Каждый, вручивший свой цветок, отходил в сторону, освобождая место следующему дарителю, пока не осталось лишь двое. Прекрасная девушка с розовыми волосами и худощавый парень в полосатом хаори стояли перед Аой, крепко держась за руки.
— Мицури, Игуро, вы теперь вместе? — Аой не могла найти слов, чтобы хоть как-то ответить тем, с кем давно уже простилась, но вопрос вырвался сам собой.
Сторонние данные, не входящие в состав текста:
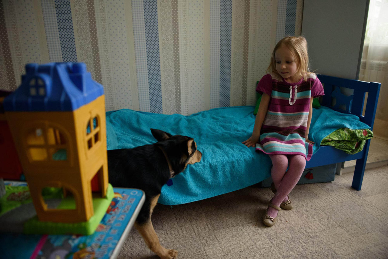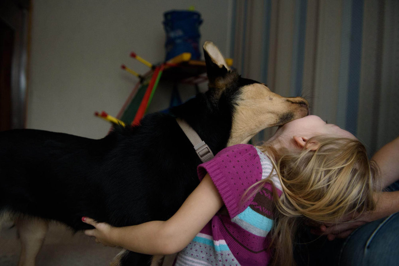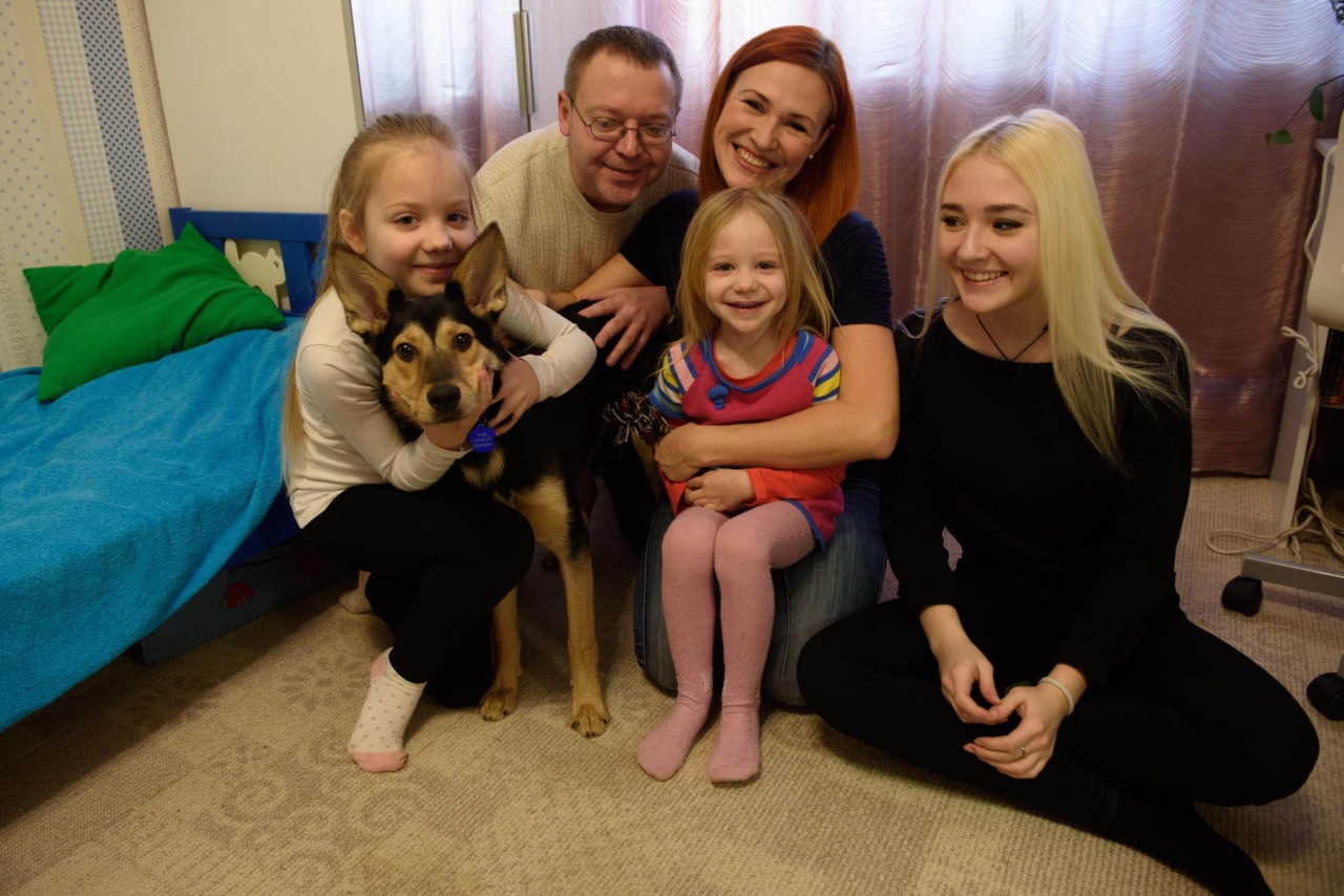 Клюква появилась в семье Комаровых незадолго до Нового Года. Как рассказывает мама Настя, это было новогоднее чудо, она редко заходит в соцсети, но в тот раз читала комментарии и наткнулась на историю Клюквы. Настя сразу поняла, что это их будущая собака. Муж Роман сначала не соглашался, но дети провели с ним воспитательную работу, и уже через неделю Клюква переехала к ним в квартиру. В семье Комаровых три девочки, и Клюква стала четвертой. Младшей Алисе четыре года, Тане восемь лет, Ульяне 17Фото: Евгений Иванов для ТД Конечно, терапевтом может стать не каждый пес. Это целый процесс проверки, отбора, тренировок и снова проверок, отбора, тренировок. Причем не только для собак. Далеко не каждый человек способен стать волонтером, ездить со своей собакой по хосписам, домам престарелых и детским учреждениям.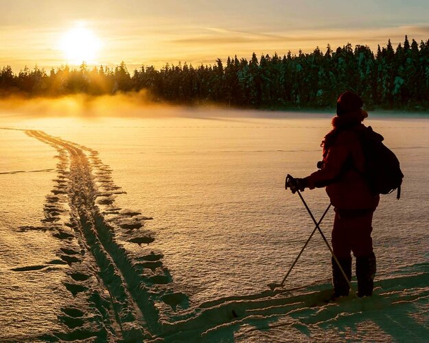 Heute probieren Sie eine traditionelle, finnische Wintersportart in der wunderschönen Winterlandschaft aus. Sie lernen die Skier kennen, wie man mit ihnen umgeht und einige nützliche Techniken kennen. Bei diesem Ski-Schnupperkurs geht es darum, etwas Neues zu lernen, und wenn Sie erst einmal den Dreh raushaben, wird es der schönste Sport sein, den Sie je gemacht haben. In der Umgebung von Muotka gibt es viele beleuchtete Loipen, so dass Sie nach dieser Einführungstour auch auf eigene Faust losziehen können. Am Abend erwartet Sie eine Motorschlittentour, bei der Sie sich auf die Suche nach den Nordlichtern begeben. Sie fahren zu den offenen Stellen, wo die Chancen, das Polarlicht zu sehen, am größten sind. Die Fahrstrecke hängt von den Wetterbedingungen ab; wenn der Himmel vielversprechend aussieht, werden Sie anhalten und dieses wunderschöne Schauspiel bewundern. (F/M/A)

Было невозможно не заметить, как этих двоих тянуло друг к другу. Но и они не пошли против долга охотников.
— Да, милая моя, — проворковала Мицури, присаживаясь рядом с ней, — у нас два дара, и оба для тебя. Дар любви и дар удачи. Прими их и не думай о плохом. Твоя жизнь будет долгой и счастливой, ведь ты уже знаешь, с кем хочешь провести ее.
Игуро молча протянул Аой свой цветок, и, хотя она не видела лица, скрытого за повязкой, ей казалось, что парень улыбается. Вместе с цветком Мицури теперь ее букет состоял из семи хрустальных даров. Аой рассматривала переливы огней необычных лепестков, пытаясь уловить постоянно ускользающую мысль. Семь… семь цветов, но восемь погибших Столпов…
— Шинобу! Где она?! — выкрикнула Аой, но осеклась. Она вновь осталась наедине с Гию, и лишь твердые стебли в ее пальцах не давали забыть о гостях из прошлого.
Аой больше не хотела быть в этом странном месте. Призраки напомнили ей о тех, кого она оставила. Даже Гию, мужчина, казавшийся совершенством, был чужим. Не ее. Не родным. Не Зеницу. И все же, когда он встал и подал ей руку, Аой ответила на его жест.
Как только она коснулась Гию, туман рассеялся, и яркое солнце заставило ее прищурить глаза. Они летели! Огромная лодка парила в небесах, а под ней мелькали покрытые снегом горы. С высоты Аой заметила знакомый двор Поместья бабочки, небольшой замерзший пруд, голые деревья в саду.
— Я всегда знал, что ты ко мне чувствуешь, и ценил это. Будь счастлива… — голос Гию таял в морозном воздухе, а особняк, заменивший ей дом, становился все ближе. И вот она на земле. Первый шаг дался с трудом, второй — чуть легче, а потом Аой побежала. Спотыкаясь, сжимая свой дивный букет, она стремилась к миниатюрной девушке, застывшей на ступенях энгавы.
— Шинобу… — только и могла выговорить Аой, упав на колени и вцепившись свободной рукой в хаори, напоминающее крылья бабочки.
— Моя девочка так выросла, — ласковые пальцы пробежались по ее волосам. — Ты справляешься со своей жизнью лучше, чем я.
— Нет, Шинобу, не говори так, — Аой покачала головой, глядя на бывшую наставницу снизу вверх, — это неправда! Мне никогда не стать воительницей, не сравниться с тобой! Ты была Столпом, главой госпиталя, покровительницей сирот. Ты была моим кумиром!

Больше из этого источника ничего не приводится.